» **Prompt**: Starting at the first line of the data, please print exactly those lines through the one that holds "WIKI FIESTA Paris", omitting every picture.

» **Records for this exercise**:
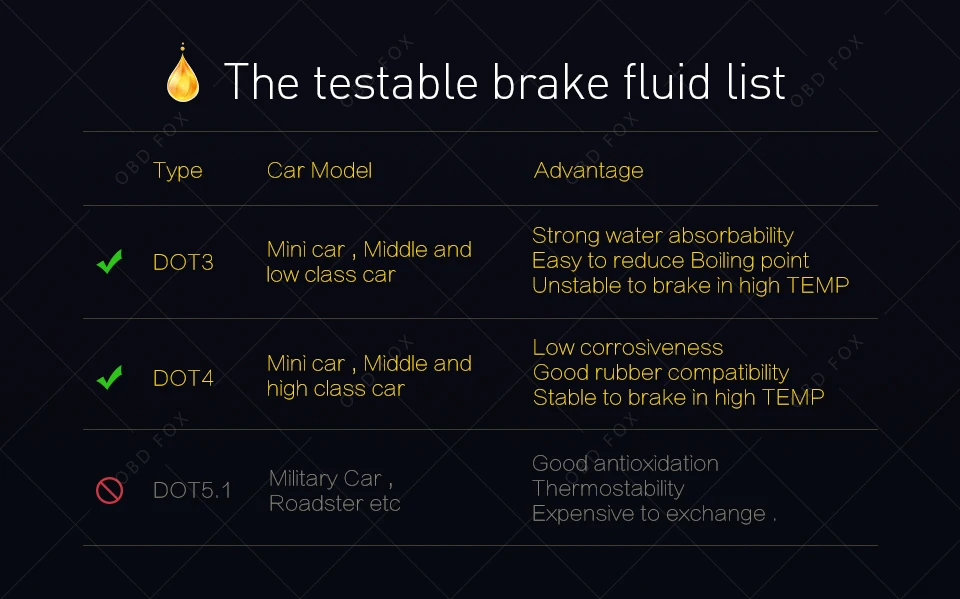 Ручка для обнаружения тормозной жидкости основана на изменении проводимости для определения изменения влажности тормозной жидкости. Он четко показывает степень влаги, содержащейся светильник светоизлучающих диодах, высокое содержание влаги приведет к снижению температуры кипения, что влияет на эффективность торможения.-Красный указывает на необходимость немедленной замены тормозной жидкости.-Зеленый цвет-хорошее состояние.-Желтый цвет указывает на приемлемое состояние, но вскоре заменяется.
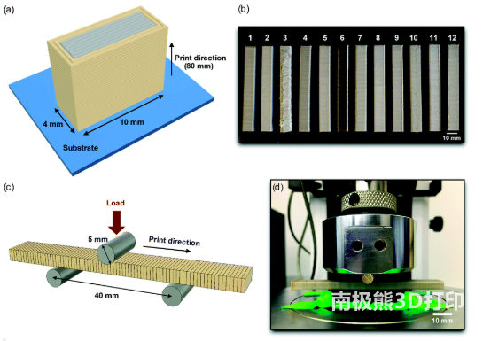 層間結(jié)合強(qiáng)度的測試如圖1所示,根據(jù)ISO 178確定出如圖1(a)所示的標(biāo)準(zhǔn)模型,并將樣本置于垂直方向進(jìn)行打印,改變工藝參數(shù)條件制備如圖1(b)所示12組測試樣件,為驗(yàn)證層間結(jié)合強(qiáng)度將樣品進(jìn)行如圖1(c)和(d)所示的三點(diǎn)彎曲試驗(yàn),試驗(yàn)載荷垂直于沉積方向施加,并施加到印刷層之間的界面。在下表面張力的作用下,失效主要由層間的粘結(jié)所決定。
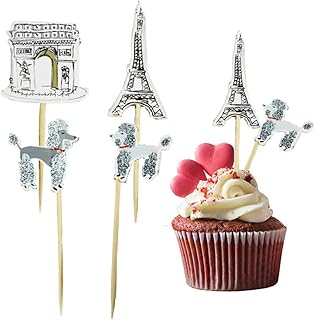 WIKI FIESTA Paris Tour Eiffel Arc de Triomphe Cupcake Décoration Gâteau Anniversaire - Cupcake Toppers, Deco Anniversaire Mariage, Fête Parisienne, Candybar (Paquet de 24)
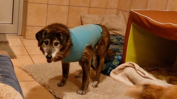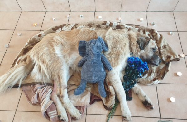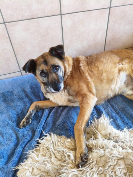 Was für ein schlimmer Morgen! Aslan konnte nicht mehr alleine aufstehen, Alex hob ihn hinten hoch, damit er zum Stehen kam. Dann ging er wackelig, aber zielstrebig in den Hof und weiter zu seinem Futternapf, den er mit Appetit leerte. Beim Laufen sah Alex allerdings, dass er am linken Knöchel eine große Wunde hatte und sein Bein angeschwollen war. Weil das nicht wie eine normale Schürfwunde aussah, sondern wesentlich ernster, fuhren Chris und Sissy mit ihm in die Tierklinik. Aslan freute sich über den Ausflug mit den beiden, aber das Bein wurde immer dicker und er fiebrig. In der Klinik wurde dann das ganze Ausmaß sichtbar, sein Bein war bis auf die Knochen entzündet und vereitert und über Nacht hatte sich das ganze seinen Weg nach außen gebahnt, eine sog. Phlegmone. 🙁 Durch das Kortison, das ihm trotz der Probleme mit dem Bewegungsapparat noch Mobilität verschafft hatte, konnte die Entzündung so lange vom Immunsystem unbekämpft vor sich hin schwelen. Weil er große Schmerzen hatte und die Prognose denkbar schlecht ausfiel, entschlossen wir uns schweren Herzens, ihn gehen zu lassen, alles andere hätte nur eine Verlängerung seines Leidens bedeutet und zusätzlich hätte die Gefahr bestanden, dass er in den nächsten Stunden elendig an einer Sepsis stirbt. Chris und Sissy waren bei ihm, als er sich auf seine letzte Reise machte. Wir sind immer noch geschockt, daß wir Aslan so schnell gehen lassen mussten. Für ihn mit Sicherheit die richtige Entscheidung, aber die Lücke, die er hinterlässt, ist groß und noch unfassbar! 😪
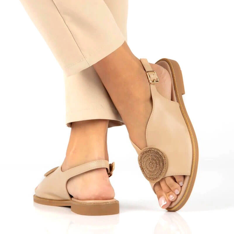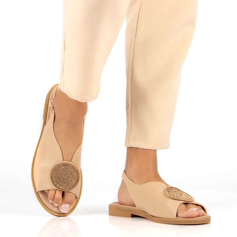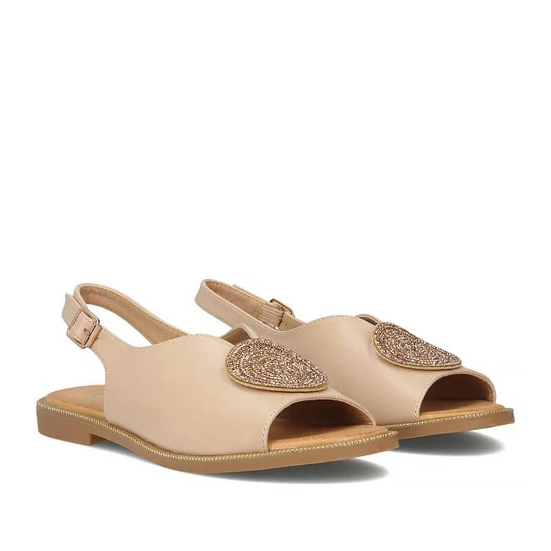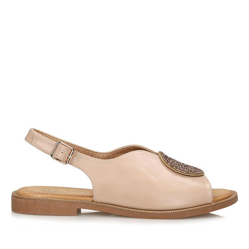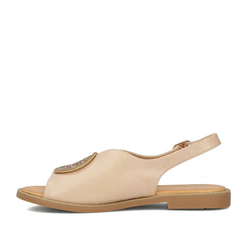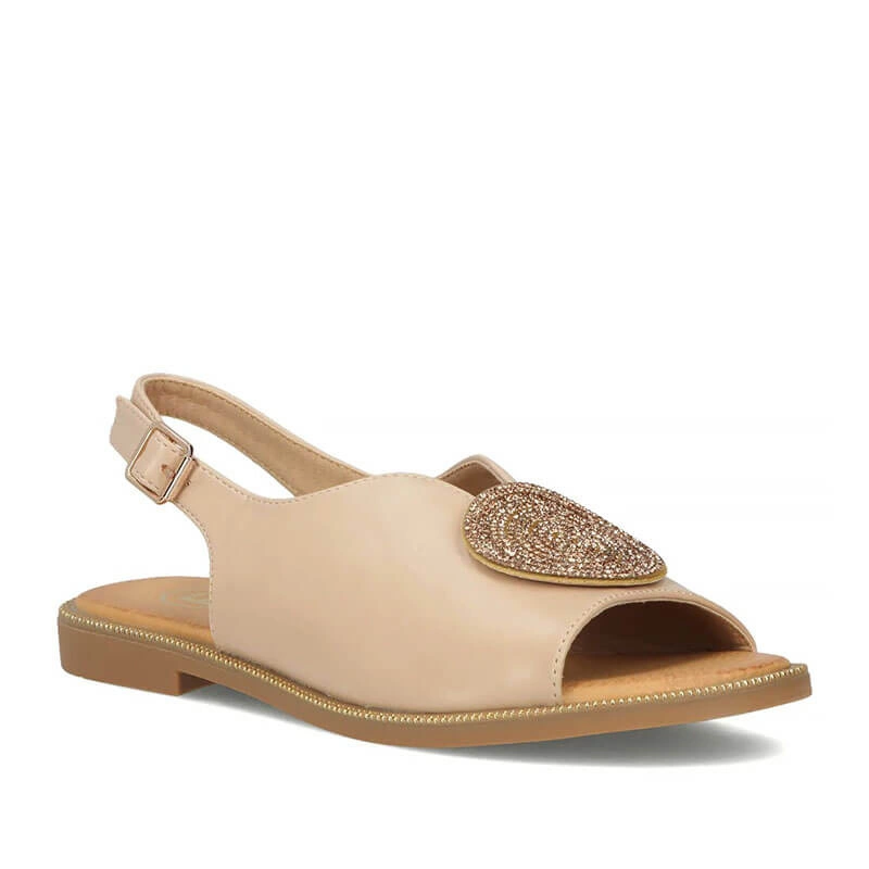 Sandały renomowanej marki Filippo pochodzące z najnowszej kolekcji. Cholewka została wykonana z wysokiej jakości skóry ekologicznej licowej w kolorze beżowym. Nosek obuwia okrągły pozwalający swobodnie rozłożyć palce. Wkładka została wykonana ze skóry naturalnej. Model zapinany na sprzączkę. Obuwie ozdobione modnymi w tym sezonie dżetami. Podeszwa wykonana z trwałego tworzywa sztucznego. Sandały idealnie będą pasować do wielu stylizacji wiosenno-letnich.
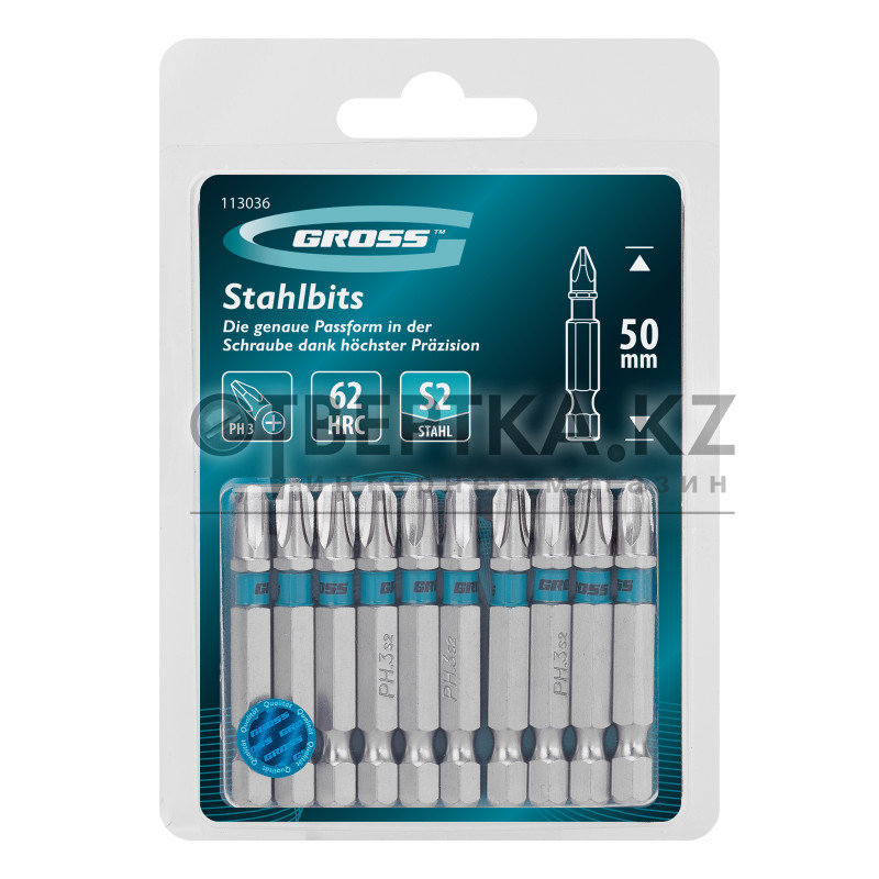 Биты PH3 х 50 мм Gross 113036 из стали S2, с шестигранным профилем, предназначены для шуруповертов и отверток-адаптеров с присоединительным шестигранником 1/4″. Биты со шлицами PH применяются для работы с саморезами по дереву, шурупами и другим резьбовым крепежом. Удлиненные насадки 50 мм удобны для работы в ограниченном пространстве и труднодоступных местах.

» **Task solution**:
 Ручка для обнаружения тормозной жидкости основана на изменении проводимости для определения изменения влажности тормозной жидкости. Он четко показывает степень влаги, содержащейся светильник светоизлучающих диодах, высокое содержание влаги приведет к снижению температуры кипения, что влияет на эффективность торможения.-Красный указывает на необходимость немедленной замены тормозной жидкости.-Зеленый цвет-хорошее состояние.-Желтый цвет указывает на приемлемое состояние, но вскоре заменяется.
 層間結(jié)合強(qiáng)度的測試如圖1所示,根據(jù)ISO 178確定出如圖1(a)所示的標(biāo)準(zhǔn)模型,并將樣本置于垂直方向進(jìn)行打印,改變工藝參數(shù)條件制備如圖1(b)所示12組測試樣件,為驗(yàn)證層間結(jié)合強(qiáng)度將樣品進(jìn)行如圖1(c)和(d)所示的三點(diǎn)彎曲試驗(yàn),試驗(yàn)載荷垂直于沉積方向施加,并施加到印刷層之間的界面。在下表面張力的作用下,失效主要由層間的粘結(jié)所決定。
 WIKI FIESTA Paris Tour Eiffel Arc de Triomphe Cupcake Décoration Gâteau Anniversaire - Cupcake Toppers, Deco Anniversaire Mariage, Fête Parisienne, Candybar (Paquet de 24)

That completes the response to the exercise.